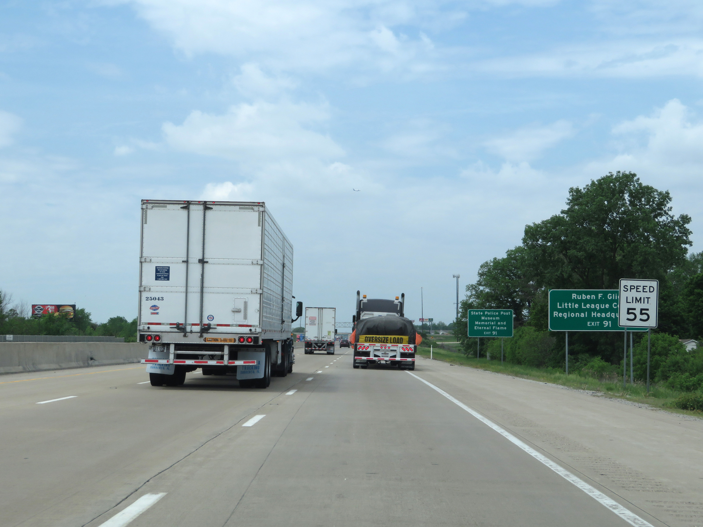Approaching Exit 91, the speed limit decreases to 55 mph on Interstate 70 West. (Photo taken 5/15/18). |
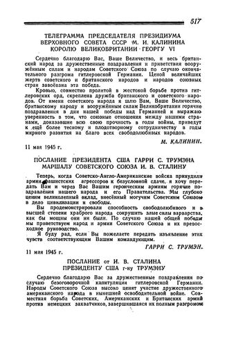 Обмен поздравлениями между советскими и иностранными государственными деятелями по случаю безоговорочной капитуляции гитлеровской Германии 8 мая 1945 года. Послание президента США Гарри С. Трумэна маршалу Советского Союза И. В. Сталину. 11 мая 194...
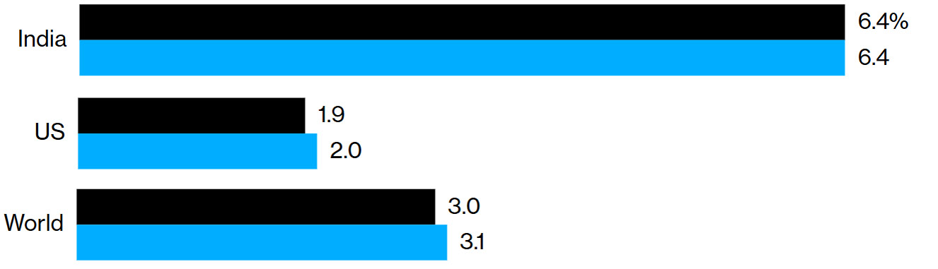 IMF對印美經濟增長率的預測(黑色為2025年,藍色為2026年) 彭博社製圖
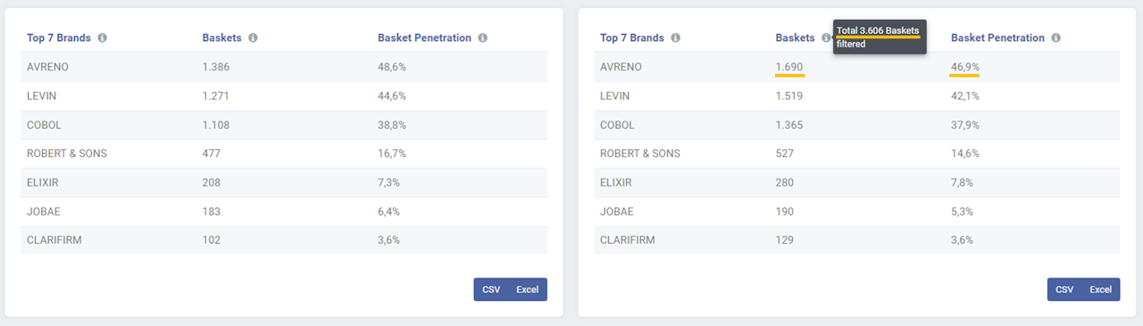By filtering with one of your brands or clicking on the button ‘Filter my brands’, you can check the Basket Penetration of the competitive Brands in the baskets including at least one of your products.
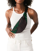 Sling belt bag with zipper openings and featuring Crossing Lines Atera print. Bag can be worn around the waist or over the shoulder as a sling style.
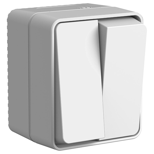 Выключатель двухклавишный Systeme Electric ATN543051 AtlasDesign Profi54 (10 А, IP54) открытой установки, серый
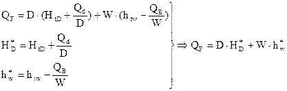 При заданном составе остатка При ↑ т.F определяется составом сырья и его энтальпией, но всегда лежит на PP’.
____________________
--- Work task ---
An exact repeat of all the data is required, pictures excluded.

--- Written response ---
Approaching Exit 91, the speed limit decreases to 55 mph on Interstate 70 West. (Photo taken 5/15/18). |
 Обмен поздравлениями между советскими и иностранными государственными деятелями по случаю безоговорочной капитуляции гитлеровской Германии 8 мая 1945 года. Послание президента США Гарри С. Трумэна маршалу Советского Союза И. В. Сталину. 11 мая 194...
 IMF對印美經濟增長率的預測(黑色為2025年,藍色為2026年) 彭博社製圖
By filtering with one of your brands or clicking on the button ‘Filter my brands’, you can check the Basket Penetration of the competitive Brands in the baskets including at least one of your products.
 Sling belt bag with zipper openings and featuring Crossing Lines Atera print. Bag can be worn around the waist or over the shoulder as a sling style.
 Выключатель двухклавишный Systeme Electric ATN543051 AtlasDesign Profi54 (10 А, IP54) открытой установки, серый
 При заданном составе остатка При ↑ т.F определяется составом сырья и его энтальпией, но всегда лежит на PP’.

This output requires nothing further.